The hardest engineering in the project is not the cryptography. It is making two languages agree exactly. When the Rust core grew its half of the hybrid DEK wrap, the test was not does it work. The test was does a Python-wrapped envelope open in Rust and vice versa, with the same key derivation inputs in the same order, the same HKDF salt and info, the same AEAD additional data, the same hex JSON shape. Any difference, even in field ordering or a canonicalization edge case, and the two implementations silently diverge into incompatible dialects of the same protocol.

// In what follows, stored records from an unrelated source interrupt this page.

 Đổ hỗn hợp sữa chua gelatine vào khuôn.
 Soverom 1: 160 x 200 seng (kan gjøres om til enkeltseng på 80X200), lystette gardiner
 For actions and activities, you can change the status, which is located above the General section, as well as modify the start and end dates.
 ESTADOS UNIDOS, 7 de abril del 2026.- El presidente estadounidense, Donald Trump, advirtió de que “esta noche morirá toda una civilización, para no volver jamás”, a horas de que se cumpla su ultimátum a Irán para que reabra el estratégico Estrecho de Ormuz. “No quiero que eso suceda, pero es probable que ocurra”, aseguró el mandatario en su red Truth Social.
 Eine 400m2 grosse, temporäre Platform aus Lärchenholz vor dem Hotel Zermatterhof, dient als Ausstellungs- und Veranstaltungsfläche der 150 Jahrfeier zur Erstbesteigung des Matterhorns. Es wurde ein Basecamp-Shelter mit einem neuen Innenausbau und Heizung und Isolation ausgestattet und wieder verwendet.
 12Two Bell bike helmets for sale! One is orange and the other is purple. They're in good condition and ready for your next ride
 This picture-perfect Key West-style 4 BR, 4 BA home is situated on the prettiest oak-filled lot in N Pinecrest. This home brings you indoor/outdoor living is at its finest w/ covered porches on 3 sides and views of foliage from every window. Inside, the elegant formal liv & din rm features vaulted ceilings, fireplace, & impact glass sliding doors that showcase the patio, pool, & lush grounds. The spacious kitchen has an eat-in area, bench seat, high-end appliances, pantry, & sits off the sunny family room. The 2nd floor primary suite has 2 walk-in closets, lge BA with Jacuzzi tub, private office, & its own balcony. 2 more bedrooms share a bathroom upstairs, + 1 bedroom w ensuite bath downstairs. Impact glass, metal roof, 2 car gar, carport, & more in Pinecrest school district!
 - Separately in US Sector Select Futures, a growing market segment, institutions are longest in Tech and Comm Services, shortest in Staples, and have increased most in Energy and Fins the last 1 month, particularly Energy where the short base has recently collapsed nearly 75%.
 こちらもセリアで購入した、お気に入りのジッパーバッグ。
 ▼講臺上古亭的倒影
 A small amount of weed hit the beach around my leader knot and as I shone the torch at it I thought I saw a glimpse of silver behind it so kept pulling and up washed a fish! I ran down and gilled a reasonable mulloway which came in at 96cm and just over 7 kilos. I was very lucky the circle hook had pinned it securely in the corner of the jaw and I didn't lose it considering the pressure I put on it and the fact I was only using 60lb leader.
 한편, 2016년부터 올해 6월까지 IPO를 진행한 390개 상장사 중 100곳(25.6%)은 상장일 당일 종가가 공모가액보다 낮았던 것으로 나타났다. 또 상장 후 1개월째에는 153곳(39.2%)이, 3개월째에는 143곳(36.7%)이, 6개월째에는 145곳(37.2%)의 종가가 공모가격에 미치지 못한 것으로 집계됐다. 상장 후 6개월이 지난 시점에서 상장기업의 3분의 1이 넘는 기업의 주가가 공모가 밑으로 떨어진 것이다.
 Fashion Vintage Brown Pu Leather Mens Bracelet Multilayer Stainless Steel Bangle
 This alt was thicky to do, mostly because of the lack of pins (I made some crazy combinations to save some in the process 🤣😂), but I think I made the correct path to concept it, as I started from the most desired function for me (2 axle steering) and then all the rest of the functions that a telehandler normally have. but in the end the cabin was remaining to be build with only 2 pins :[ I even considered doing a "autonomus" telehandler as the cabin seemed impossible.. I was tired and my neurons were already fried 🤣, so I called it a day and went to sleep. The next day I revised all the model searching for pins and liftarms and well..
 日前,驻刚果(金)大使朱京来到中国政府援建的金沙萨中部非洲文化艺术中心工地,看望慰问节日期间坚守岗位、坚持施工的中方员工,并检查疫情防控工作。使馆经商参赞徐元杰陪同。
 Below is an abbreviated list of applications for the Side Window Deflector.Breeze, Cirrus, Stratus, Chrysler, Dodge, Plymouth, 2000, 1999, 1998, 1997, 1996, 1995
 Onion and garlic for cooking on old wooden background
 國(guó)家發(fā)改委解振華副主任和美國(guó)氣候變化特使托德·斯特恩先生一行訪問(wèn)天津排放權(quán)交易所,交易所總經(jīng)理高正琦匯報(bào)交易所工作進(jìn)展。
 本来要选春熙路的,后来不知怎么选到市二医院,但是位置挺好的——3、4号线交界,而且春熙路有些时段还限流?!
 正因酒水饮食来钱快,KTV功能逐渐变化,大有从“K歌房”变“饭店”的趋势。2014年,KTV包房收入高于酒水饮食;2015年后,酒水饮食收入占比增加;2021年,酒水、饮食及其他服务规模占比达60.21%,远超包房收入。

This is where most of the bugs hid. Not in the math, in the seams: a canonicalization that ordered keys differently, an inline policy check on one open path that the other path skipped. The conformance harness is what surfaces them, and I have come to treat a failing parity test as more valuable than a passing feature test. A feature test tells me my code works. A parity test tells me the spec is real.
One decision I will not move on: the watermarking is passive. No beacons, no callbacks, no remote access. A sealed file is inert. It does not reach out, it does not check in, it does not open a channel anyone could abuse. The leak is detected by inspecting a recovered copy against the transparency log, not by the file calling home.
That constraint costs me features people occasionally ask for. It is also the difference between a provenance tool and a surveillance tool, and I would rather ship the smaller honest thing. Transparency comes from Sigstore Rekor v2, with RFC 3161 qualified timestamps as a fallback proof path, so the attestation is publicly auditable without trusting me or any single server. The whole design is built so that nobody has to take my word for anything.